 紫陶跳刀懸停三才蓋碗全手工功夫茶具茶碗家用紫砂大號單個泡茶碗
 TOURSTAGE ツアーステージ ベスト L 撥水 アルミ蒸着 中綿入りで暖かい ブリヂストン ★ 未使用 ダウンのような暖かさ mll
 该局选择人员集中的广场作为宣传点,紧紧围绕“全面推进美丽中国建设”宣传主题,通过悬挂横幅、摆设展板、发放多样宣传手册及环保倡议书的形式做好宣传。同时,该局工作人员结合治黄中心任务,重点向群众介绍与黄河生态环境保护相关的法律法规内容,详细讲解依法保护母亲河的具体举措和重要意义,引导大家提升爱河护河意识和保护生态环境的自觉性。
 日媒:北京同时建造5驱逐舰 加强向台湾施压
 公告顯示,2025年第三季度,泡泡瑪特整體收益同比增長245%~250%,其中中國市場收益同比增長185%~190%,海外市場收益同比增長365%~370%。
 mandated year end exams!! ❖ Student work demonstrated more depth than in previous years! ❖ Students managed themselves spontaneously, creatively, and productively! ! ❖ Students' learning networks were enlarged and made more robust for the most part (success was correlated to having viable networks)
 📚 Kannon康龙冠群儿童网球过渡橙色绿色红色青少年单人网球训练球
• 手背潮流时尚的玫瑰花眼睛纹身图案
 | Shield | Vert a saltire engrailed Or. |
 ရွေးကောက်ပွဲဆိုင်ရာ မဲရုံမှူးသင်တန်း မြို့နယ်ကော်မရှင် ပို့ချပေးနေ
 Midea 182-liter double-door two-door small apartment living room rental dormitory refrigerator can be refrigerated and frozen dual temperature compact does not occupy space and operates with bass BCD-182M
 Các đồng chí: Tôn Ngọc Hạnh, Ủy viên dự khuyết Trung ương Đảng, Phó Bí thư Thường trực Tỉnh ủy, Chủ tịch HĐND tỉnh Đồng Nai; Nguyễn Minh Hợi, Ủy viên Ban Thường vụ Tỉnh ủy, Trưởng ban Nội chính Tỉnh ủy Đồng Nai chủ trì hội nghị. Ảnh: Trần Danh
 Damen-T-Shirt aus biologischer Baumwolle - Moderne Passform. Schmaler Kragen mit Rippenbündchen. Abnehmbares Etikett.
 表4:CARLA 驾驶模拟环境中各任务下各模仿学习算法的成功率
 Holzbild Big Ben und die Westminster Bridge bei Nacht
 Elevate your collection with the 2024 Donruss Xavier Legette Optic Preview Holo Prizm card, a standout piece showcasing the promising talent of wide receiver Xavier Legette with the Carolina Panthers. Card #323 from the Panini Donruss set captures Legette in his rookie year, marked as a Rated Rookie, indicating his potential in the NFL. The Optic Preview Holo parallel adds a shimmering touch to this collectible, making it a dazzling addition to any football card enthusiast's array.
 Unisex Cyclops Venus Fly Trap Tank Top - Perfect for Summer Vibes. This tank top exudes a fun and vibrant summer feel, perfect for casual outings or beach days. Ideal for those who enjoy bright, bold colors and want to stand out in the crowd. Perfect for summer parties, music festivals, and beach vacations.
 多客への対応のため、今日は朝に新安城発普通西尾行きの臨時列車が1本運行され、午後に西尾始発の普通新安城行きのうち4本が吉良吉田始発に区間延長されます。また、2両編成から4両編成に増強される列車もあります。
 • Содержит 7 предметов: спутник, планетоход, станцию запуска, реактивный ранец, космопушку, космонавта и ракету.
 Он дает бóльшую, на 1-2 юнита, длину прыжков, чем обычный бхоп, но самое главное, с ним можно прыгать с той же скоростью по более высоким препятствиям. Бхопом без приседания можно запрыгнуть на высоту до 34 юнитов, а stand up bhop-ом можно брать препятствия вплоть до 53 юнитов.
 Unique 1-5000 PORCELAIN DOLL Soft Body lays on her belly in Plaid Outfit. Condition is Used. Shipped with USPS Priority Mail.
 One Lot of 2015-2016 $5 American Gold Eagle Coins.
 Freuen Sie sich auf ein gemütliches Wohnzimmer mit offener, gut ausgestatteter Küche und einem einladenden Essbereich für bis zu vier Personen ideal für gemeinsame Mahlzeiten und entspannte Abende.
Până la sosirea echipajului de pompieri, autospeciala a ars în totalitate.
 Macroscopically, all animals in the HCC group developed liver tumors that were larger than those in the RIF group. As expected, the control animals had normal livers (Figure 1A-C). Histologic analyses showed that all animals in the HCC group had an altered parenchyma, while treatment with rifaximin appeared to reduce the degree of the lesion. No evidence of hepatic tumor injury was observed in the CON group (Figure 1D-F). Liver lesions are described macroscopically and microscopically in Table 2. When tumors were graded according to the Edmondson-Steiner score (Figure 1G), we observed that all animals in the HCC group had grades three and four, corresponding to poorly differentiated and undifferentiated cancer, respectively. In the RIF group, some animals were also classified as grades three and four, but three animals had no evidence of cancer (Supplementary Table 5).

━━━━━━━━━━━━━━━━━━━━

* What is required
Out of the material above, output word for word the line with "公告顯示,2025年第三季度", the line with "ရွေးကောက်ပွဲဆိုင်ရာ မဲရုံမှူးသင်တန်း မြို့နယ်ကော်မရှင်", and all lines between them, with nothing else.

* Answer area
 公告顯示,2025年第三季度,泡泡瑪特整體收益同比增長245%~250%,其中中國市場收益同比增長185%~190%,海外市場收益同比增長365%~370%。
 mandated year end exams!! ❖ Student work demonstrated more depth than in previous years! ❖ Students managed themselves spontaneously, creatively, and productively! ! ❖ Students' learning networks were enlarged and made more robust for the most part (success was correlated to having viable networks)
 📚 Kannon康龙冠群儿童网球过渡橙色绿色红色青少年单人网球训练球
• 手背潮流时尚的玫瑰花眼睛纹身图案
 | Shield | Vert a saltire engrailed Or. |
 ရွေးကောက်ပွဲဆိုင်ရာ မဲရုံမှူးသင်တန်း မြို့နယ်ကော်မရှင် ပို့ချပေးနေ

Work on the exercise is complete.